Parity check finding 325939093 errors


erikbak
Go to solution Solved by JorgeB,

Recommended Posts

I've set up unRAID on my PC a few years back, everything runs excellent except every time I do a parity check it comes back with a huge amount of errors. I tried swapping the SATA cables out once but the issue still persists. Is there anything else I can try? I'm not sure what else to look for in the diagnostics to point me in the right direction.

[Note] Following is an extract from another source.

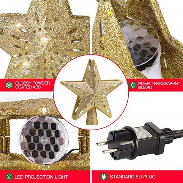 DÉCORATION DE NOËL MULTI-SCÈNE : qu'il s'agisse de la décoration de l'arbre de Noël de la famille, d'une surprise dans la chambre des enfants, d'une fête au bureau ou de l'atmosphère d'un café/restaurant, une lumière pour dévoiler toute la scène de l'expérience de Noël ! Projection Neige 3d Étoile Sapin Noël Projecteur Neige - Lumière Avec son design creux et son projecteur LED rotatif 3D intégré, elle projette des flocons de neige animés sur le plafond, créant une scène hivernale magique Aucune opération complexe n'est nécessaire, les personnes âgées et les enfants peuvent l'utiliser facilement. PLAGE DE PROJECTION RÉGLABLE : 0,9 mètre pour projeter 1,8 m² d'étoiles, 1,2 mètre pour étendre à 3,6 m² (données mesurées), plus les étoiles du sapin sont éloignées, plus le plafond est grand, plus la zone de projection est grande. Le rapport de projection en or est adapté à toutes les hauteurs de sol, le salon, la salle à manger et le magasin peuvent instantanément éclairer l'atmosphère de Noël Le rapport de projection en or est adapté à toutes les hauteurs de sol, le salon, la salle à manger et le magasin peuvent instantanément éclairer l'atmosphère de Noël. 6 PROJECTIONS FANTAISISTES DE NOËL : une touche permet de basculer entre les flocons de neige, le sapin de Noël, l'élan, le bonhomme de neige, le Père Noël et d'autres 6 scènes à thème, l'ensemble comprend 6 inserts de projection (1 pour la lumière supérieure, livré avec la lumière supérieure, et 5 pour le sac scellé), la lumière rotative dynamique et l'ombre couvrent 2-5 m² de plafond, créant instantanément une maison magique festive et immersive ! Haut De Sapin De Noel ROCK- Étoile Sapin De Noël 3D Projecteur LED Arbre Topper De Noël étoile Dorée Dynamique Pour Arbre

Would greatly appreciate some guidance. 

phoenix-diagnostics-20220120-0639.zip

Edited by erikbak
spelling
Link to comment

Are these correcting or non-correcting parity checks?   

 

Give us a better idea of how long this condition has existed?  (Six days, six months, six years...)

 

Have you ever run a correcting parity check?

 

Does all of your data seems to be there and does it appear to be correct?

 

Now for a bit of explanation.  Non-correcting parity checks only report that there are errors in the parity calculation.  It does nothing to fix/correct them.  The notification that there is a problem gives the user (you) the opportunity to decide what to about the situation.  Most of the time (~99.9% of the time), if there is not obvious data problem, you would run a correcting parity check to update parity to reflect the state of the array.  Then you run a non-correcting parity check to verify that everything is working as it should.

 

I see that @JorgeB has given you the short version of my post...

Link to comment
1 hour ago, JorgeB said:

Run a correcting check, then run a non correcting one, without rebooting, and post new diags.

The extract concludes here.